# PROBLEM TO WORK ON
The output should be the listing below, limited to the lines from the one with "Herramientas de pesca" through the one with "89㎡的3房2厅2卫,A户型", exact and without pictures.
::: INPUT FOR THIS TASK
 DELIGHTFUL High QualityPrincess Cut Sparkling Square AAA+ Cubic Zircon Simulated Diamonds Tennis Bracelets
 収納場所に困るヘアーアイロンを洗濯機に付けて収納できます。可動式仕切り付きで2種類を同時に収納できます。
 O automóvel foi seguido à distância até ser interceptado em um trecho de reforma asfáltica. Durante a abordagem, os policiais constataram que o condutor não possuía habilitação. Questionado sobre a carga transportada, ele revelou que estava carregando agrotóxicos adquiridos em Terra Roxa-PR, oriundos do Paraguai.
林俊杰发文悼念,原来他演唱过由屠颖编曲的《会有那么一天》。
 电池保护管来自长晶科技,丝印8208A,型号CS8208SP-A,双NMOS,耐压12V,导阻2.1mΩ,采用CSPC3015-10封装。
::::::
::: INPUT FOR THIS TASK
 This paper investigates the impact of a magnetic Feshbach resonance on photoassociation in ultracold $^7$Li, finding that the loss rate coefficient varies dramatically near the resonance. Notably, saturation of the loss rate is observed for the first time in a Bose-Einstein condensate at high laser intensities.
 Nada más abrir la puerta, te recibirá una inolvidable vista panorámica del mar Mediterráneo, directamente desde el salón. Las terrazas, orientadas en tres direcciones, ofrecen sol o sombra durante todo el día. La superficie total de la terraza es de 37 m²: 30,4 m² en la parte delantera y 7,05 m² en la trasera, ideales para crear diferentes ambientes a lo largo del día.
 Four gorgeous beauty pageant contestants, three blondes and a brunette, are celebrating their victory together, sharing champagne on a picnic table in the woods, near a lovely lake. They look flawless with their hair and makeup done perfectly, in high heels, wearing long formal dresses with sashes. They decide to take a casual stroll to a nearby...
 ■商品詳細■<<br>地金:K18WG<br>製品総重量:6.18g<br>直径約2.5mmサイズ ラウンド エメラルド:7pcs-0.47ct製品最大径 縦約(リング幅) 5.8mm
::::::
::: INPUT FOR THIS TASK
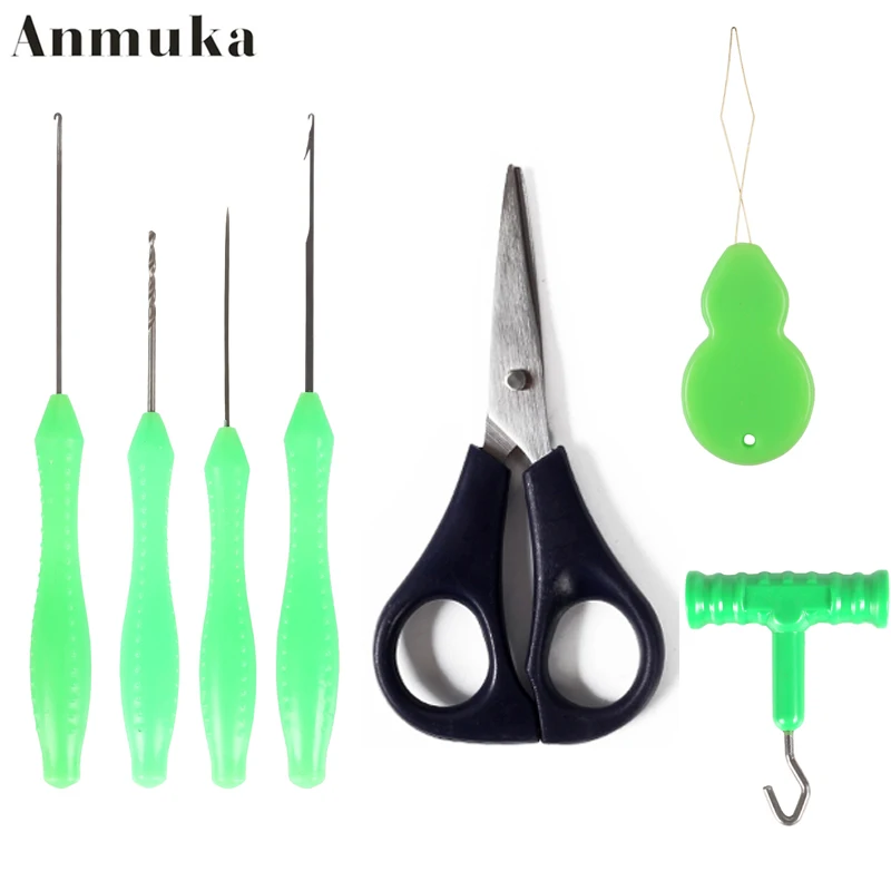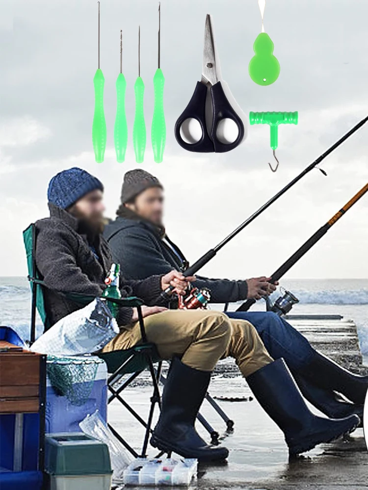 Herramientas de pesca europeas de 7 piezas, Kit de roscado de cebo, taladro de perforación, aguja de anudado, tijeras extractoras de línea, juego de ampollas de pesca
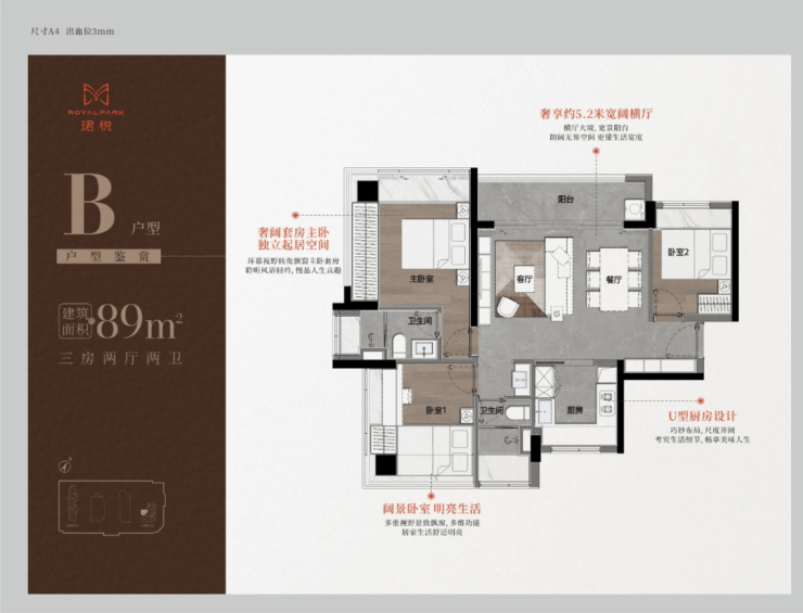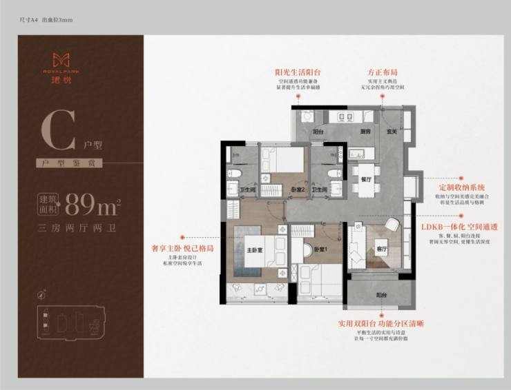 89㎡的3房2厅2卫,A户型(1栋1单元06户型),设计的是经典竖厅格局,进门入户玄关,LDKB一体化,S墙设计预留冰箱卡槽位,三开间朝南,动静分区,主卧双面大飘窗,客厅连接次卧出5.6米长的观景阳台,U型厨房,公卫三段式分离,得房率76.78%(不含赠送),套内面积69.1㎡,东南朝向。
::::::
# OUTPUT FOR THIS TASK
 Herramientas de pesca europeas de 7 piezas, Kit de roscado de cebo, taladro de perforación, aguja de anudado, tijeras extractoras de línea, juego de ampollas de pesca
 89㎡的3房2厅2卫,A户型(1栋1单元06户型),设计的是经典竖厅格局,进门入户玄关,LDKB一体化,S墙设计预留冰箱卡槽位,三开间朝南,动静分区,主卧双面大飘窗,客厅连接次卧出5.6米长的观景阳台,U型厨房,公卫三段式分离,得房率76.78%(不含赠送),套内面积69.1㎡,东南朝向。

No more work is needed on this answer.